> [Dataset excerpts]
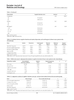Table 6. Correlation between cognitive function and anxiety, depression, and social support in breast cancer patients after
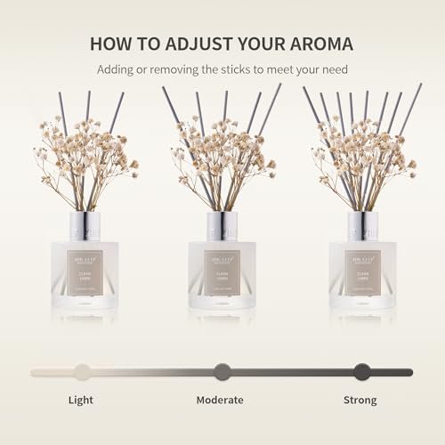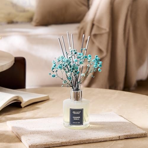 Customizable Fragrance Experience: Enjoy personalized scent control with our premium materials. Easily adjust the strength of your fragrance by adding or removing reed sticks to suit your mood. Watch as the fabric sticks soak in the sumptuous aroma—typically in just 1 or 2 days. When you sense the scent fading, simply flip the reeds or replace them for a fresh burst of Cashmere Vanilla.
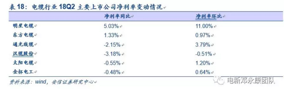 凈利率方面,18年二季度6家公司中有2家凈利率同比上升,其余四家同比都有所下降,但環(huán)比來(lái)看改善都很明顯,僅有漢纜股份一家環(huán)比下降。
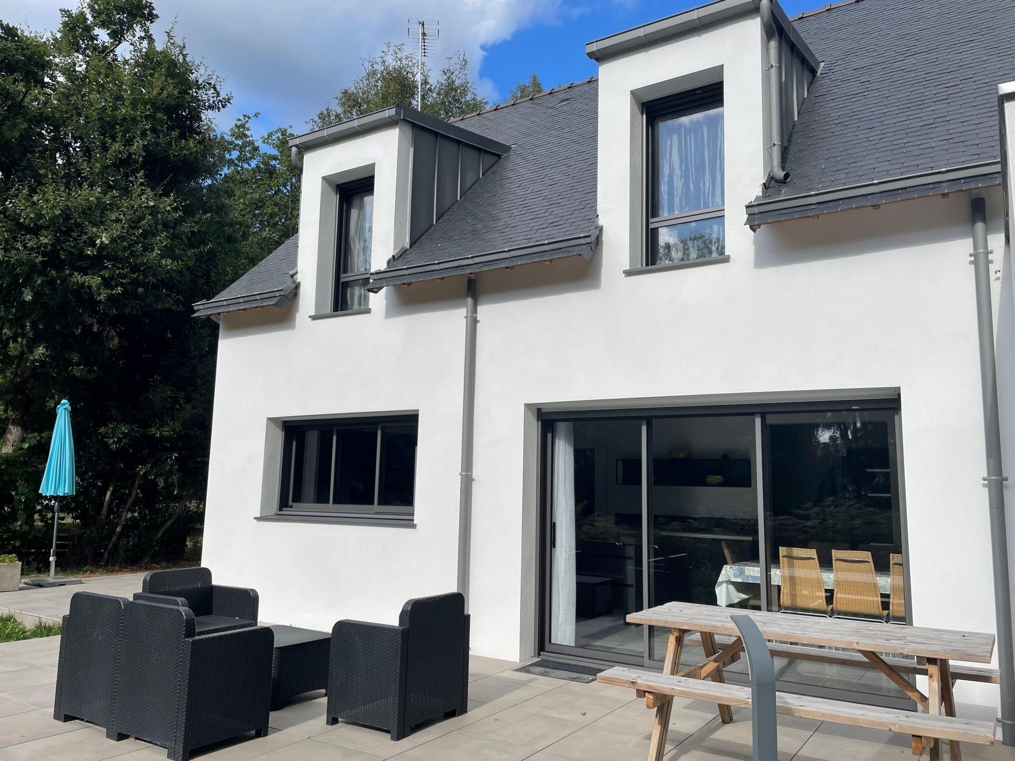 5-room house 170 m2 on 2 levels. Spacious, beautiful furnishings: large living/dining room with TV (flat screen). Exit to the garden, to the terrace. 1 room with 1 french bed (1 x 160 cm, length 200 cm), hand-basin and shower. Exit to the garden. Open kitchen (oven, dishwasher, 3 induction hot plates, toaster, kettle, microwave, freezer, electric coffee machine, Capsules for coffee machine (Nespresso) extra) with dining nook. Exit to the terrace. Sep. WC. Upper floor: 1 room with 1 french bed (1 x 160 cm, length 200 cm). 2 rooms, each room with 2 beds (80 cm, length 200 cm). Bathroom, shower, sep. WC. Electric heating. Terrace 40 m2. Terrace furniture, barbecue, deck chairs (4). View of the garden. Facilities: washing machine, dryer, baby cot, hair dryer. Internet (WiFi, free). Parking, garage (2 cars). Please note: non-smoking house. Maximum 1 pet/ dog allowed. Smoke alarm. Garage for boat shelter available, central vacuum, quality service. Garden in progress. Offer by a private individual according to Art. 155, IV of CGI. 56258000160LT
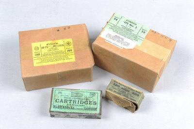 A GROUP OF COLLECTORS AMMUNITION comprising: 100 rnds Kynoch 10.75mm Mauser ammunition, metal covered soft-nosed bullet, 347 grns; together with 50 rnds Kynoch .475 No.2, metal covered solid bullet, 480 grns; and a tin of 50 Eley Bros. .450 cartridges

> [Your objective] Transcribe, word for word, the stretch of lines in the data above from the one with "Customizable Fragrance Experience: Enjoy" through the one with "凈利率方面,18年二季度6家"; omit all pictures.

> [Answer area]
 Customizable Fragrance Experience: Enjoy personalized scent control with our premium materials. Easily adjust the strength of your fragrance by adding or removing reed sticks to suit your mood. Watch as the fabric sticks soak in the sumptuous aroma—typically in just 1 or 2 days. When you sense the scent fading, simply flip the reeds or replace them for a fresh burst of Cashmere Vanilla.
 凈利率方面,18年二季度6家公司中有2家凈利率同比上升,其余四家同比都有所下降,但環(huán)比來(lái)看改善都很明顯,僅有漢纜股份一家環(huán)比下降。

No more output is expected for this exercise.